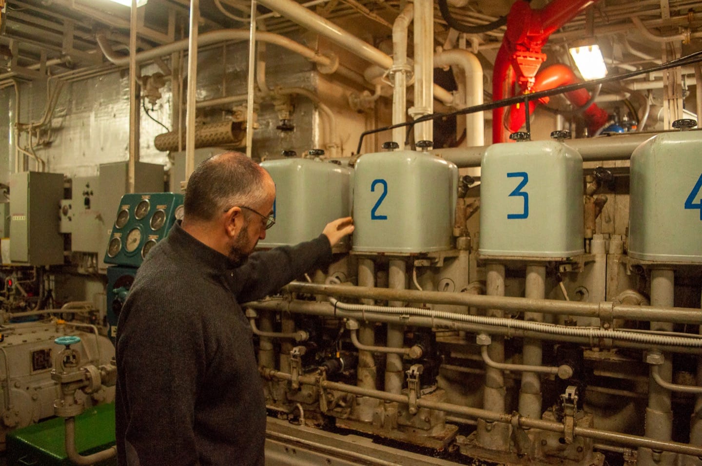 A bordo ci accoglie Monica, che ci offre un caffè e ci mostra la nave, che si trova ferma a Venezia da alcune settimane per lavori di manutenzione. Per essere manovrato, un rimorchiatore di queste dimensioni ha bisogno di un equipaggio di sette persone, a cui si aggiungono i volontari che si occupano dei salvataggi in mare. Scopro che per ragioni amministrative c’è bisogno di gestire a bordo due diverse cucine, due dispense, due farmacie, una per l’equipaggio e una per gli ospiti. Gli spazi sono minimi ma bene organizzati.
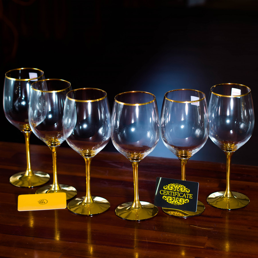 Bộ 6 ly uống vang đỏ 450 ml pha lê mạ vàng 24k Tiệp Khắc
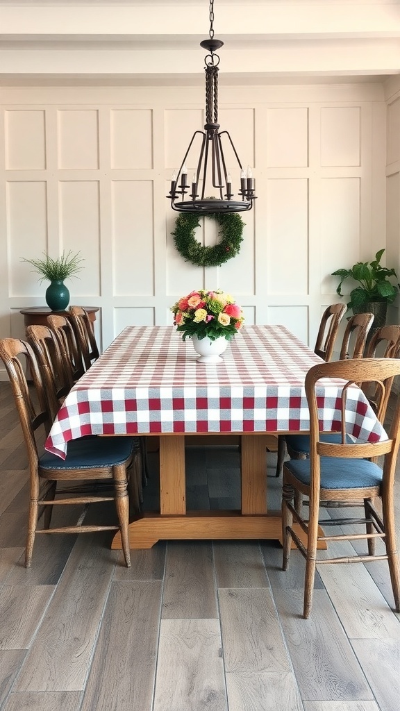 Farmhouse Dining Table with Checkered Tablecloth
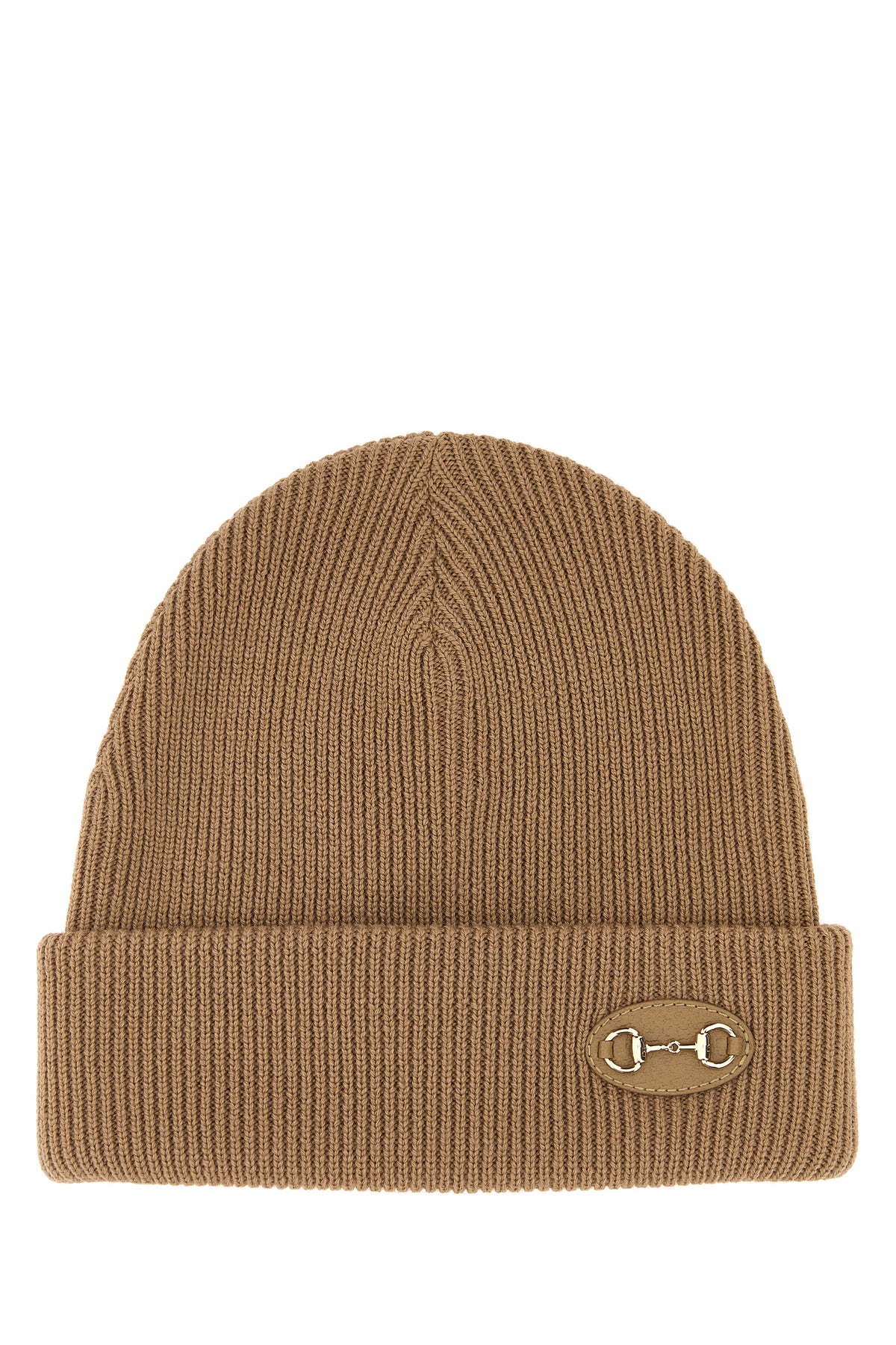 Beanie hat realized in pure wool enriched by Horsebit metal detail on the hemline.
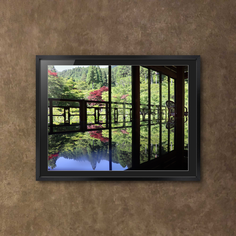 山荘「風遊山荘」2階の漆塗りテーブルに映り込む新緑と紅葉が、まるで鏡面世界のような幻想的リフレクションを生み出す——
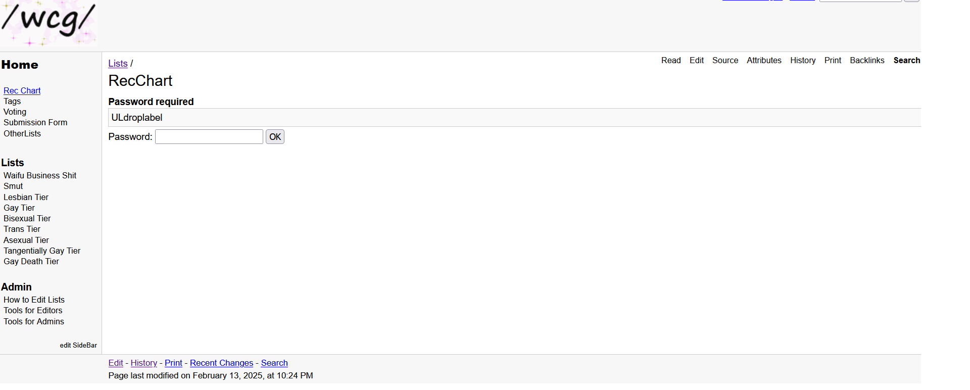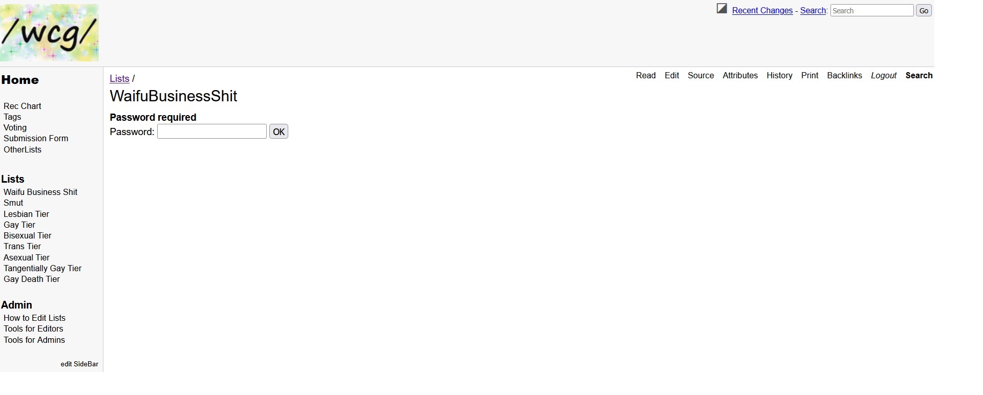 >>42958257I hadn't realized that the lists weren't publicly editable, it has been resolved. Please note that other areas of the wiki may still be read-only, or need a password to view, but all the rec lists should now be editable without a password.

....................

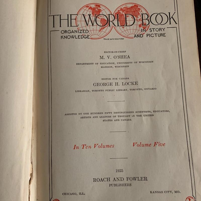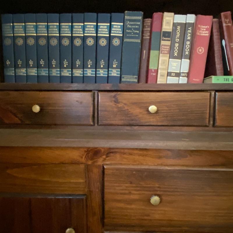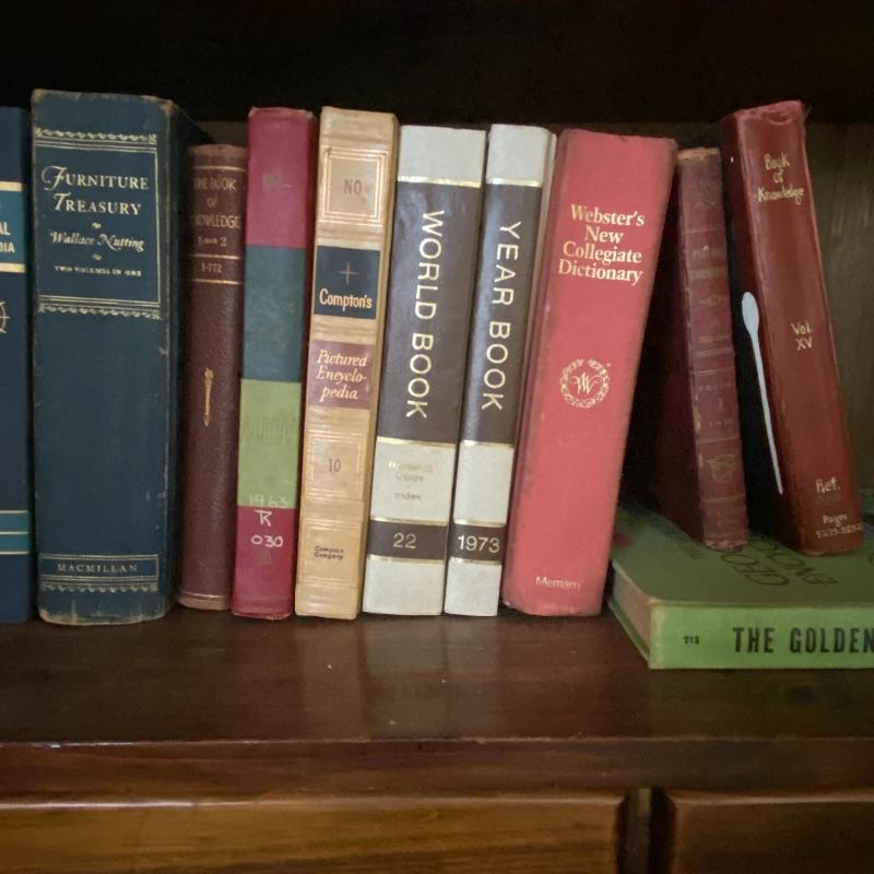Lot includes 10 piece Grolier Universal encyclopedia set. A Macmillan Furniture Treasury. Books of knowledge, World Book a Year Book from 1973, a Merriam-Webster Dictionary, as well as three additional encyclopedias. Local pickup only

....................

Going by the data above, give back only the lines from the one containing "Beanie hat realized" through the one containing "without a password.", exactly as they stand, both ends included and no images.

 Beanie hat realized in pure wool enriched by Horsebit metal detail on the hemline.
 山荘「風遊山荘」2階の漆塗りテーブルに映り込む新緑と紅葉が、まるで鏡面世界のような幻想的リフレクションを生み出す——
 >>42958257I hadn't realized that the lists weren't publicly editable, it has been resolved. Please note that other areas of the wiki may still be read-only, or need a password to view, but all the rec lists should now be editable without a password.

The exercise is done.